Medical care Travellers should seek medical care if symptoms do not improve within a day or two, or they are passing blood and/or mucous. Medical care should be sought earlier for the elderly, and immediately for children whose diarrhoea is accompanied by dehydration, vomiting, fever or blood.
An algorithm for the investigation and management of diarrhoeal illness in returned travellers can be found in Health Information for Overseas Travel [18].
Prevention
Following common sense guidelines on food and water hygiene [19] can help reduce the risk of TD.
The highest risk foods are those that have not been thoroughly cooked or that have been left out at room temperature. It is recommended that food is completely cooked and served piping hot, as most enteropathogens are inactivated at temperatures above 60°C. Precautions also need to be taken with drinking water by drinking only sealed bottled water, or water that has been purified by boiling or filtration combined with halogenation [20].
Antibiotic chemoprophylaxis is not recommended for most travellers. If a traveller is considering this, the risks and benefits of such a course should be thoroughly discussed.
Travellers should avoid excess alcohol and sample unfamiliar foods in moderation, as both of these can contribute to diarrhoea.
Travellers should also practice good swimming pool hygiene by not swimming if they have TD, ensuring babies and infants are wearing suitable swimwear, and avoiding ingesting any pool water [2].

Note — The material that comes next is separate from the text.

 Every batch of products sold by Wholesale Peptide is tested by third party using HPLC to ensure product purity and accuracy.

There is no vaccine available for the syndrome of travellers’ diarrhoea. There are vaccines available for some faecal-orally transmitted organisms such as Salmonella Typhi, poliomyelitis, hepatitis A, and Vibrio cholerae.
References
1. Shah N, DuPont HL, Ramsey DJ. Global etiology of travelers’ diarrhea: systematic review from 1973 to the present. Am J Trop Med Hyg. 80:609-14, 2009.
2. Health Protection Agency. Foreign travel-associated illness – a focus on travellers’ diarrhoea. 2010 report. London: Health Protection Agency; 2010.

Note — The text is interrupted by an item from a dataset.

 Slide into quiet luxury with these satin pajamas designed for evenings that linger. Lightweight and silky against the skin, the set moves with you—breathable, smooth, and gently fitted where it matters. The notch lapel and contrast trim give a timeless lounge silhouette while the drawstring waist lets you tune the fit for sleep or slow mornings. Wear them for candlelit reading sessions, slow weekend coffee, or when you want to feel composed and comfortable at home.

3. Greenwood Z, Black J, Weld L et al. Gastrointestinal infection among international travelers globally. J Trav Med. 15:221-8, 2008.
4. Connor BA. Travelers’ diarrhea. In: Centers for Disease Control and Prevention (CDC). Health Information for International Travel 2012. Atlanta: CDC; 2011. Available at: http://wwwnc.cdc.gov/travel/yellowbook/2012/chapter-2-the-pre-travel-consultation/travelers-diarrhea.htm
5. Steffen R. Epidemiology of traveler’s diarrhea. Clin Infect Dis. 41(Suppl 8):S536-40,2005.

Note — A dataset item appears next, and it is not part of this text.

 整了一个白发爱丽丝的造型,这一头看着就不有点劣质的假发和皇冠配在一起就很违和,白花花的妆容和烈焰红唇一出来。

6. Tam CC, Rodrigues LC, Viviani L et al. The second study of infectious intestinal disease in the community (IID2 study). Final report. September 2011. [Accessed 25 November 2011]. Available at: http://www.foodbase.org.uk/admintools/reportdocuments/711-1-1206_IID2_Final_Report_September_2011.pdf
7. Hill DR, Beeching NJ. Travelers’ diarrhea. Cur Opin Infect Dis. 23:481-7,2010.
8. Shlim DR. Looking for evidence that personal hygiene precautions prevent traveler's diarrhea. Clin Infect Dis. 41 Suppl 8:S531-5, 2005.
9. Jiang ZD, Dupont HL, Brown EL et al. Microbial etiology of travelers’ diarrhea in Mexico, Guatemala and India. Importance of enterotoxigenic Bacteroides fragilis and Arcobacter species. J Clin Microbiol. 48:1417-9, 2010.
10. Hill DR, Ryan ET. Management of travellers’ diarrhoea. Br Med J. 337:863-7, 2008.
11. Hill DR. Occurrence and self-treatment of diarrhea in a large cohort of Americans travelling to developing countries. Am J Trop Med Hyg. 62:585-9,2000.
12. Pitzurra R, Fried M, Rogler G et al. Irritable bowel syndrome among a cohort of European travelers to resource-limited destinations. J Trav Med. 18:250-6, 2011
13. World Health Organization. International Travel and Health 2011. Geneva: World Health Organization; 2011.
14. Johnson PC, DuPont HL, Morgan DR et al. Comparison of loperamide with bismuth subsalicylate for the treatment of acute travelers’ diarrhea. JAMA. 255:757-60, 1986.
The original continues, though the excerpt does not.